===== DATA FOR THIS TASK

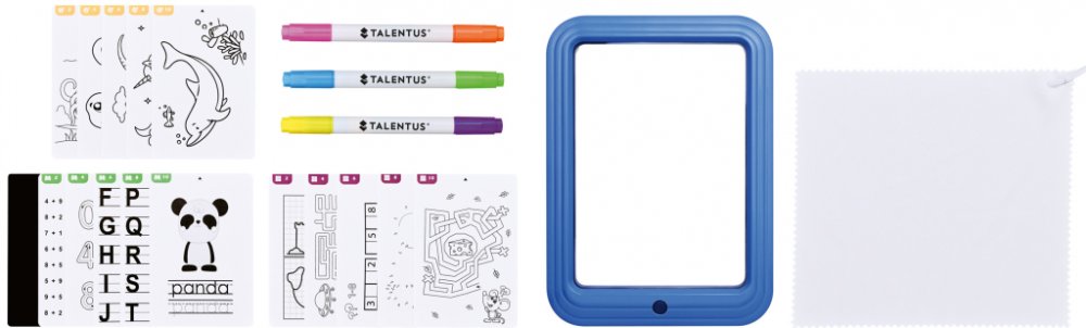 lupilu® Kouzelná tabulka SZT 3 A1 Vlastnosti 7 LED barev a 2 světelné režimy Hravým způsobem rozvíjí kreativitu, fantazii a ochotu učit se 3 dvojitá pera s celkem 6 barvami 15 oboustranných karet s 30 různými motivy k samostatnému domalování Snadné čištění díky dodanému čisticímu hadříku Výklopný stojan 2 přísavky pro upevnění Černá karta jako pozadí; aby motivy zářily Včetně baterií (3x 1,5 V typ Aaa, Lr03) Doba provozu: cca 15 hod. Rozměry: cca 26,2 x 19 x 2,5 cm (D x Š x V) Charakteristika produktu ;} Počet stran: 15 oboustranných karet s 30 různými motivy Téma / motiv: svět zvířat Doporučený věk: pro děti od 3 let Obsah balení: Kouzelná tabulka, dvojité fixy, oboustranné karty, čisticí hadřík; přísavky; černá karta jako pozadí; baterie Upozornění: Používání tohoto výrobku dětmi by mělo být pod dohledem dospělé osoby. Zabraňte kontaktu s očima a pokožkou. Nepolykejte. Pokožku umyjte vodou a mýdlem; abyste odstranili případné nečistoty. Nevhodné pro děti do 3 let!
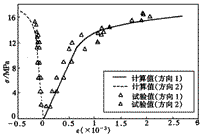 对于碾压混凝土材料,试验证实,双轴拉压状态下,一个方向压应力的增大可明显的降低另一方向的抗拉强度;而在双轴拉状态下,一个方向的拉应力对另一方向的抗拉强度影响很小。因此应用正交异性损伤模型进行碾压混凝土的计算分析是合适的。
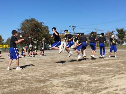 みんなでJUMP!!3年生 大縄跳び、かけ声をかけて、合わせています。
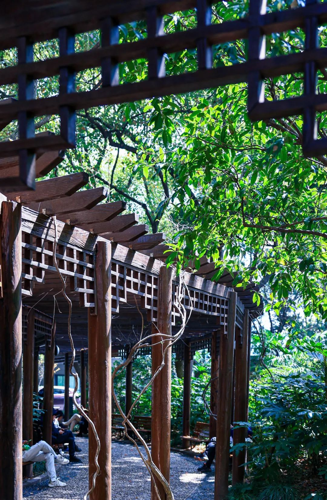 古色古香的蓬莱公园,就像是藏匿于繁华闹市中的一处“桃花源”。飞檐白墙、亭子长廊、假山绿水、蜿蜒小路,坐在古色古香的长亭下,轻风微拂,举目皆美景,无疑是一种极佳的享受。
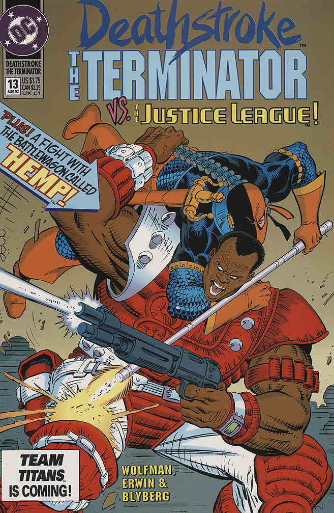 Item: Deathstroke the Terminator #13 | Publisher: DC | Cover Date: August 1992 | Writer: Marv Wolfman | Artist: Steve Erwin | Cover Artist: Mike Zeck | Appearances: JLA, Superman, Flash III, Green Lantern II, Aquama ... Read More
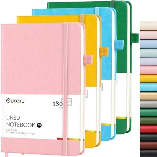 Lined Journal Notebook, 4 Pack, 180 Pages, A5 Journals for Writing, 100 GSM Thic…
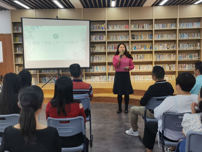 郭校長為骨干教師頒發(fā)了“青藍工程”指導老師聘書。
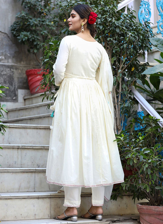 Salwar Suit Cotton Off White Embroidered
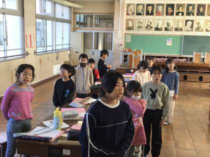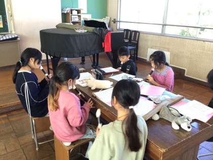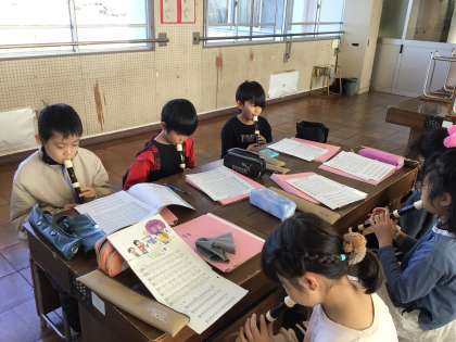 11/26 4年音楽1 公開日 2025/11/26 更新日 2025/11/26 各学年から 4年音楽では、既習曲を歌ったり、リズム練習「楽しいマーチ」でクラッピングをしたりしました。「オーラ リー」や「月夜」をリコーダーで練習しました。
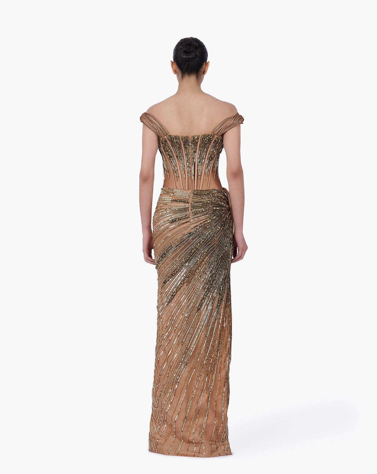Antique gold gown featuring a structured corset bodice with sculpted illusion detailing, a draped skirt with gathered waist placement and a high-slit silhouette finished with linear embellishment.
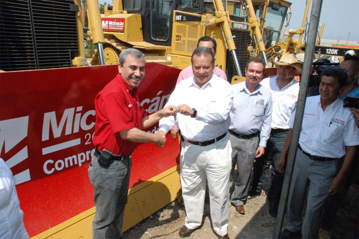 El secretario de Desarrollo Rural de la entidad, Ramón Cano Vega y Adrián Margosa Novoa, coordinador del programa Centrales de Maquinaria, entregaron a nombre del gobernador Jesús Reyna García, la maquinaria pesada a los presidentes municipales de la Región productora número uno de aguacate del mundo.
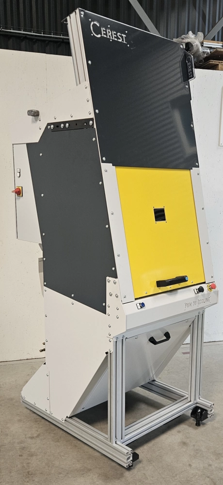 L’operateur charge manuellement le fond et la bride, puis ferme la porte verticale manuellement.
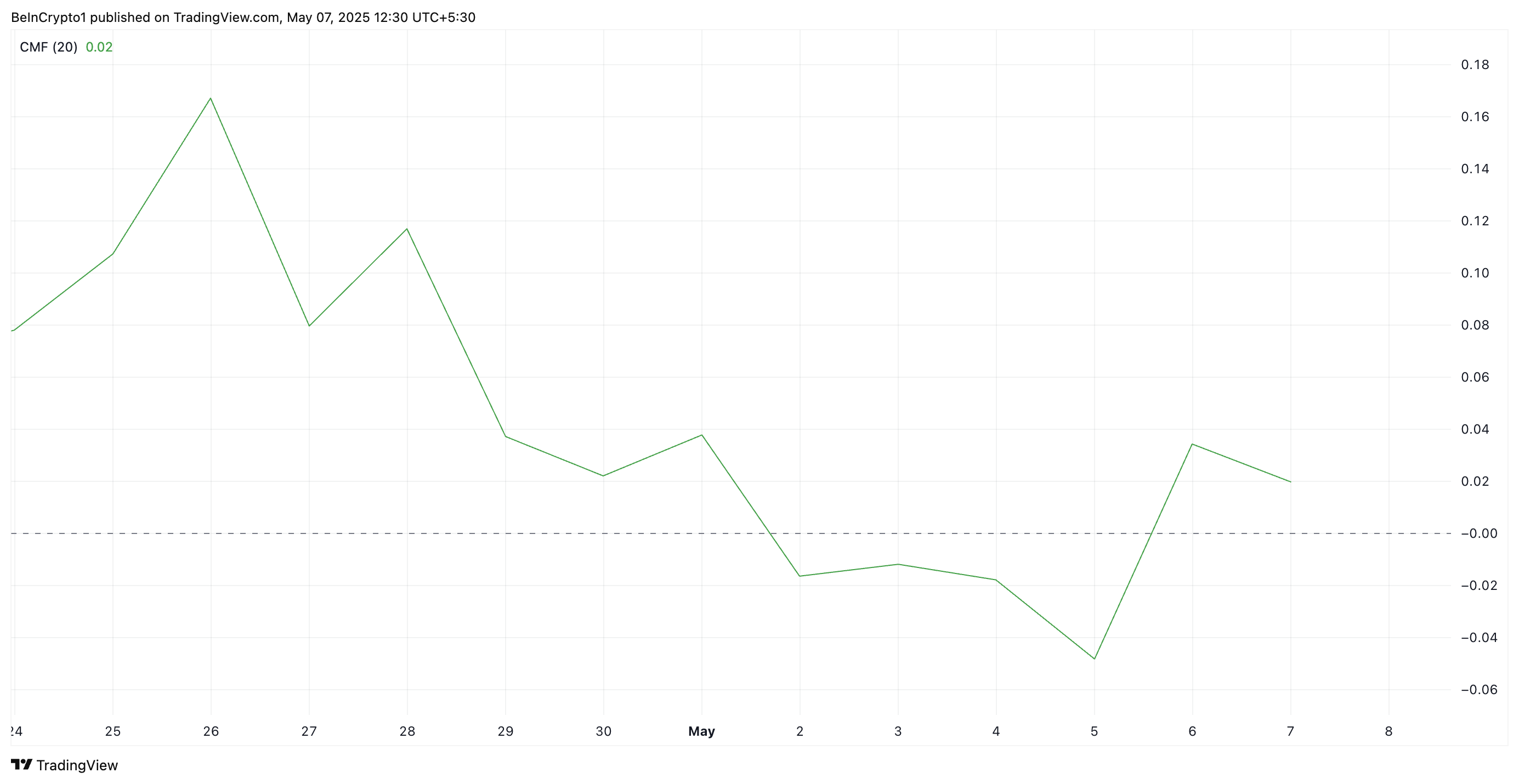 Trots LTC:s uppgång har till exempel dess Chaikin Money Flow (CMF), som mäter köp- och säljtryck, minskat och bildat en nedåtgående divergens. Avläsningar från det dagliga diagrammet visar att denna momentumindikator minskar och är på väg att bryta mittlinjen.
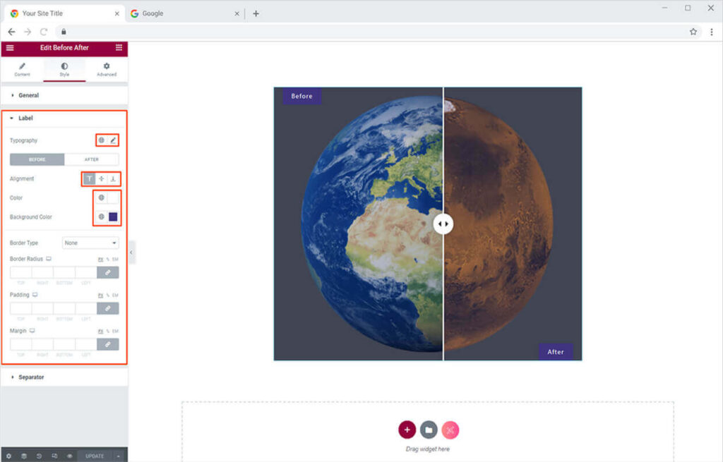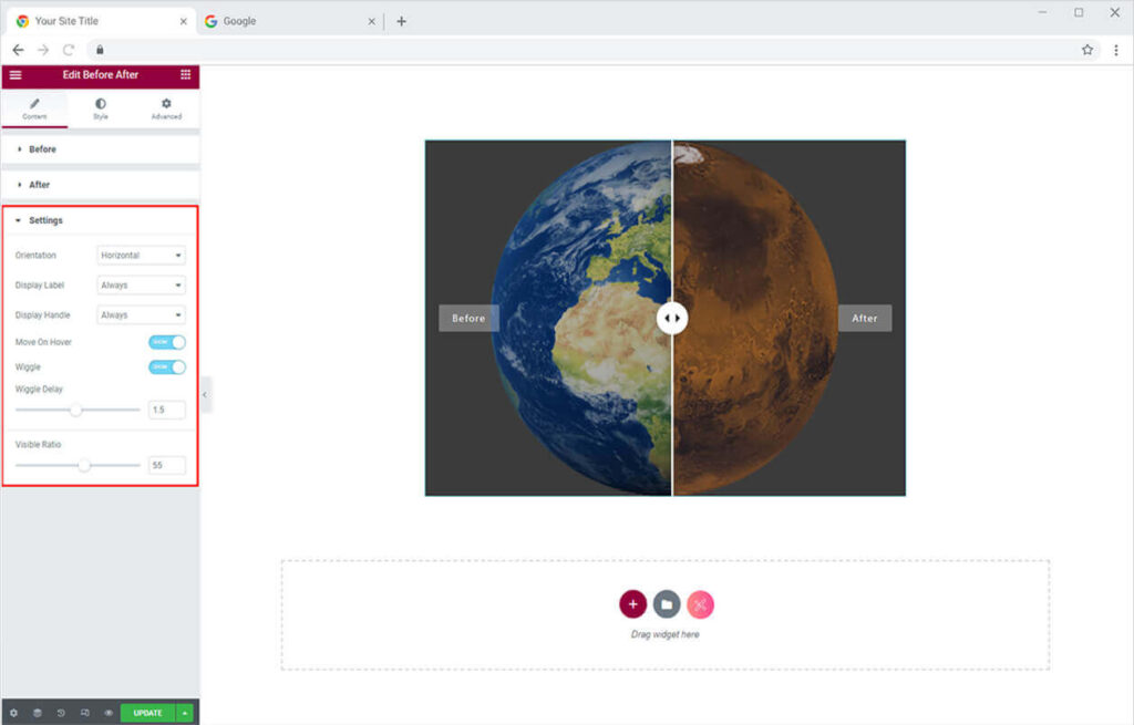 From the Xpro Addons section, simply drag’n’drop the Before After widget on your desired page location.
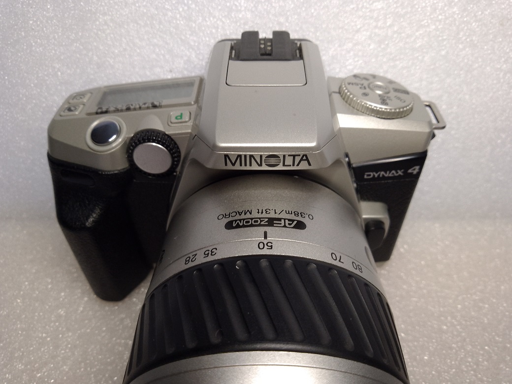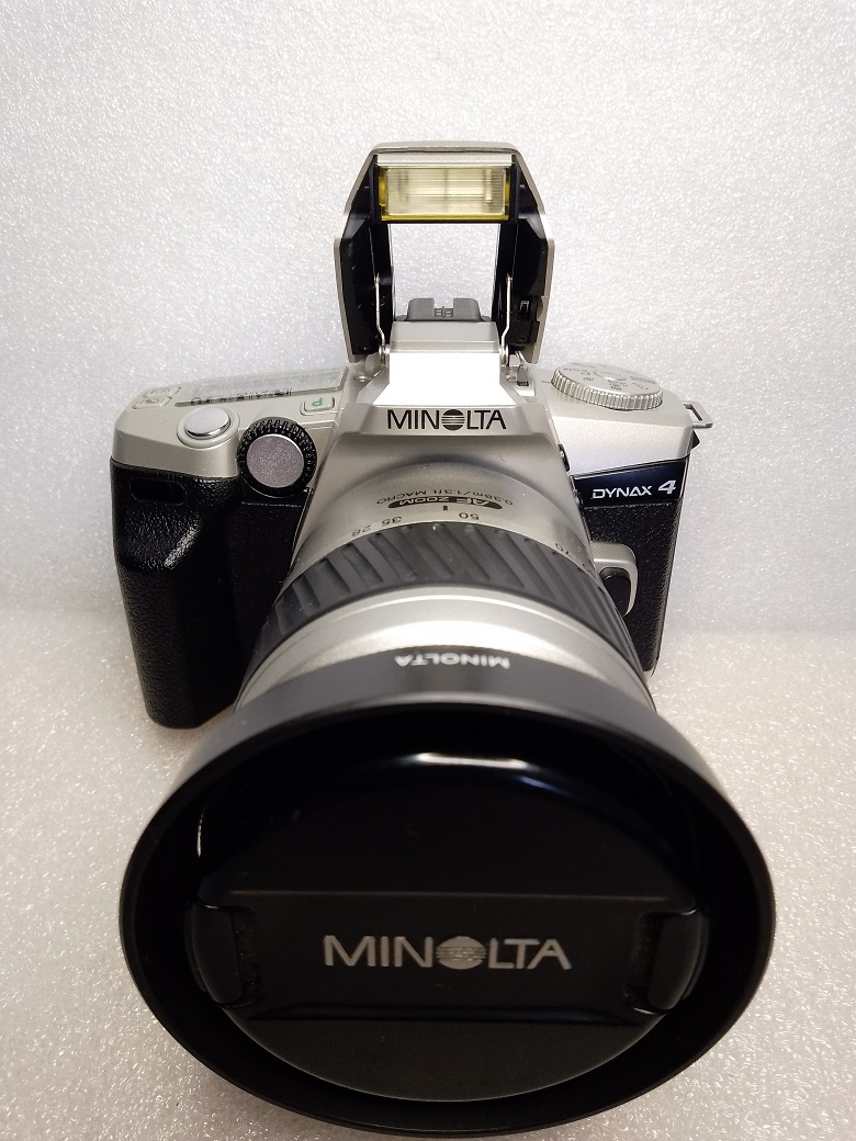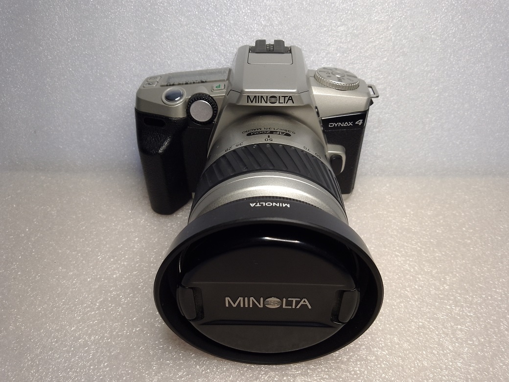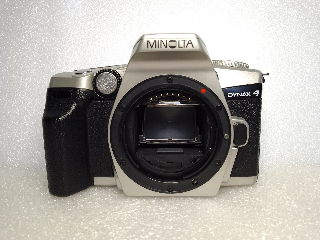 die Minolta Dynax 4 (in Nordamerika Maxxum 4, in Japan und im pazifischen Raum Dynax 3) stammt ebenfalls aus der Endzeit der analogen Kamerafertigung bei Minolta und kam 2002 auf den Markt. Auch diese SLR besteht fast vollständig aus Kunststoff und ist dementsprechend ohne Batterien und Objektiv ca. 315 Gramm leicht.
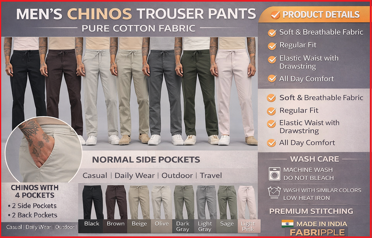 Sindhnur, Karnataka, 584128It is so comfortable and soft fabric that I complete my two days travelling in this cargo... Go for it... Such a worthy product
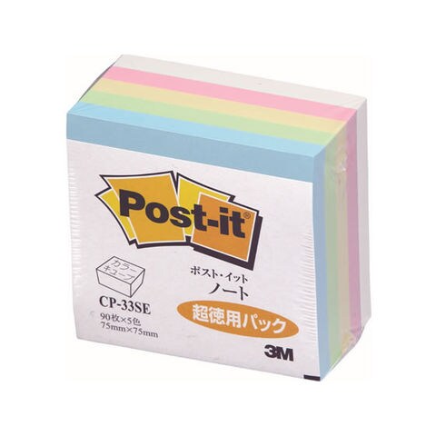 3M ポスト・イット エコノミーシリーズ パステル5色 450枚 CP-33SE 大型 正方形タイプ ノートタイプふせん インデックス メモ ノート
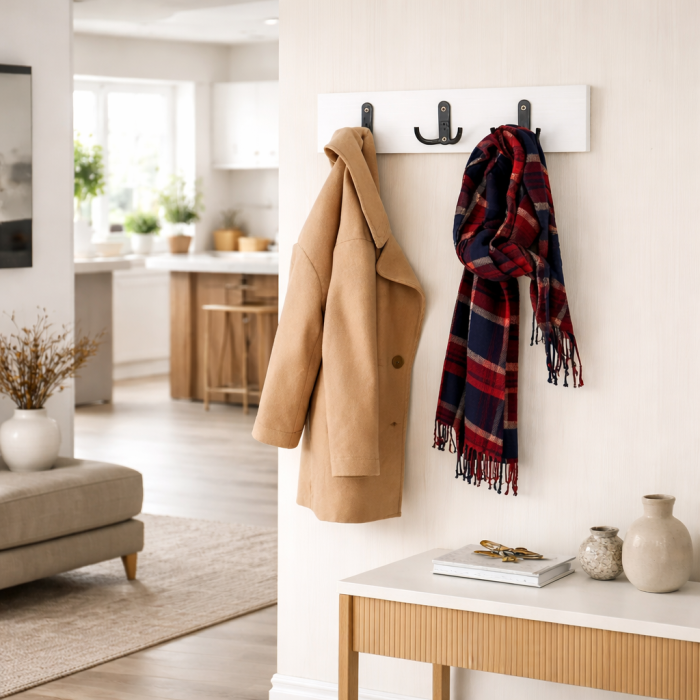Cuierul de perete este un accesoriu practic si estetic, conceput pentru a imbunatati organizarea si pentru a valorifica eficient spatiul disponibil.
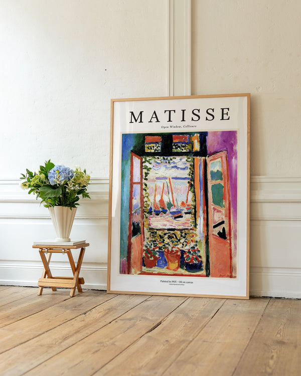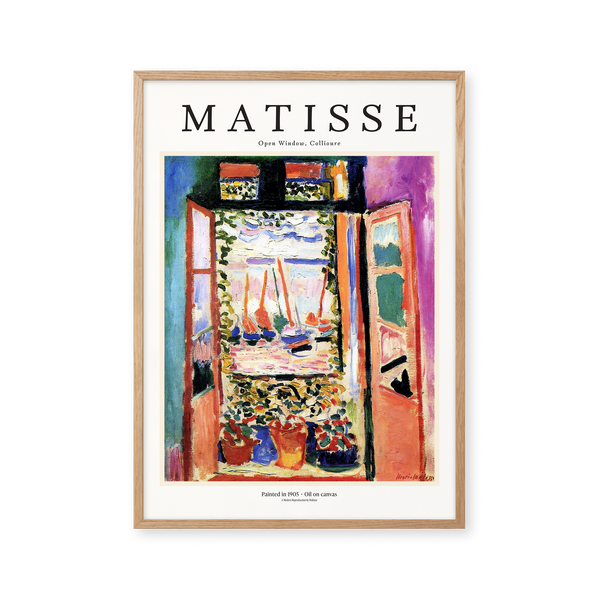 The art poster: “Open Window Collioure” by the artist Henri Matisse is a painted poster recreated by Peléton. This poster is part of Peléton's vintage collection with a museum layout. The art poster is produced on quality paper, with long durability, high opacity, and detailed color reproduction.

==========

Leave the pictures out and write out every entry exactly as given.

> _ANSWER TO THE EXERCISE_:
 lupilu® Kouzelná tabulka SZT 3 A1 Vlastnosti 7 LED barev a 2 světelné režimy Hravým způsobem rozvíjí kreativitu, fantazii a ochotu učit se 3 dvojitá pera s celkem 6 barvami 15 oboustranných karet s 30 různými motivy k samostatnému domalování Snadné čištění díky dodanému čisticímu hadříku Výklopný stojan 2 přísavky pro upevnění Černá karta jako pozadí; aby motivy zářily Včetně baterií (3x 1,5 V typ Aaa, Lr03) Doba provozu: cca 15 hod. Rozměry: cca 26,2 x 19 x 2,5 cm (D x Š x V) Charakteristika produktu ;} Počet stran: 15 oboustranných karet s 30 různými motivy Téma / motiv: svět zvířat Doporučený věk: pro děti od 3 let Obsah balení: Kouzelná tabulka, dvojité fixy, oboustranné karty, čisticí hadřík; přísavky; černá karta jako pozadí; baterie Upozornění: Používání tohoto výrobku dětmi by mělo být pod dohledem dospělé osoby. Zabraňte kontaktu s očima a pokožkou. Nepolykejte. Pokožku umyjte vodou a mýdlem; abyste odstranili případné nečistoty. Nevhodné pro děti do 3 let!
 对于碾压混凝土材料,试验证实,双轴拉压状态下,一个方向压应力的增大可明显的降低另一方向的抗拉强度;而在双轴拉状态下,一个方向的拉应力对另一方向的抗拉强度影响很小。因此应用正交异性损伤模型进行碾压混凝土的计算分析是合适的。
 みんなでJUMP!!3年生 大縄跳び、かけ声をかけて、合わせています。
 古色古香的蓬莱公园,就像是藏匿于繁华闹市中的一处“桃花源”。飞檐白墙、亭子长廊、假山绿水、蜿蜒小路,坐在古色古香的长亭下,轻风微拂,举目皆美景,无疑是一种极佳的享受。
 Item: Deathstroke the Terminator #13 | Publisher: DC | Cover Date: August 1992 | Writer: Marv Wolfman | Artist: Steve Erwin | Cover Artist: Mike Zeck | Appearances: JLA, Superman, Flash III, Green Lantern II, Aquama ... Read More
 Lined Journal Notebook, 4 Pack, 180 Pages, A5 Journals for Writing, 100 GSM Thic…
 郭校長為骨干教師頒發(fā)了“青藍工程”指導老師聘書。
 Salwar Suit Cotton Off White Embroidered
 11/26 4年音楽1 公開日 2025/11/26 更新日 2025/11/26 各学年から 4年音楽では、既習曲を歌ったり、リズム練習「楽しいマーチ」でクラッピングをしたりしました。「オーラ リー」や「月夜」をリコーダーで練習しました。
Antique gold gown featuring a structured corset bodice with sculpted illusion detailing, a draped skirt with gathered waist placement and a high-slit silhouette finished with linear embellishment.
 El secretario de Desarrollo Rural de la entidad, Ramón Cano Vega y Adrián Margosa Novoa, coordinador del programa Centrales de Maquinaria, entregaron a nombre del gobernador Jesús Reyna García, la maquinaria pesada a los presidentes municipales de la Región productora número uno de aguacate del mundo.
 L’operateur charge manuellement le fond et la bride, puis ferme la porte verticale manuellement.
 Trots LTC:s uppgång har till exempel dess Chaikin Money Flow (CMF), som mäter köp- och säljtryck, minskat och bildat en nedåtgående divergens. Avläsningar från det dagliga diagrammet visar att denna momentumindikator minskar och är på väg att bryta mittlinjen.
 From the Xpro Addons section, simply drag’n’drop the Before After widget on your desired page location.
 die Minolta Dynax 4 (in Nordamerika Maxxum 4, in Japan und im pazifischen Raum Dynax 3) stammt ebenfalls aus der Endzeit der analogen Kamerafertigung bei Minolta und kam 2002 auf den Markt. Auch diese SLR besteht fast vollständig aus Kunststoff und ist dementsprechend ohne Batterien und Objektiv ca. 315 Gramm leicht.
 Sindhnur, Karnataka, 584128It is so comfortable and soft fabric that I complete my two days travelling in this cargo... Go for it... Such a worthy product
 3M ポスト・イット エコノミーシリーズ パステル5色 450枚 CP-33SE 大型 正方形タイプ ノートタイプふせん インデックス メモ ノート
Cuierul de perete este un accesoriu practic si estetic, conceput pentru a imbunatati organizarea si pentru a valorifica eficient spatiul disponibil.
 The art poster: “Open Window Collioure” by the artist Henri Matisse is a painted poster recreated by Peléton. This poster is part of Peléton's vintage collection with a museum layout. The art poster is produced on quality paper, with long durability, high opacity, and detailed color reproduction.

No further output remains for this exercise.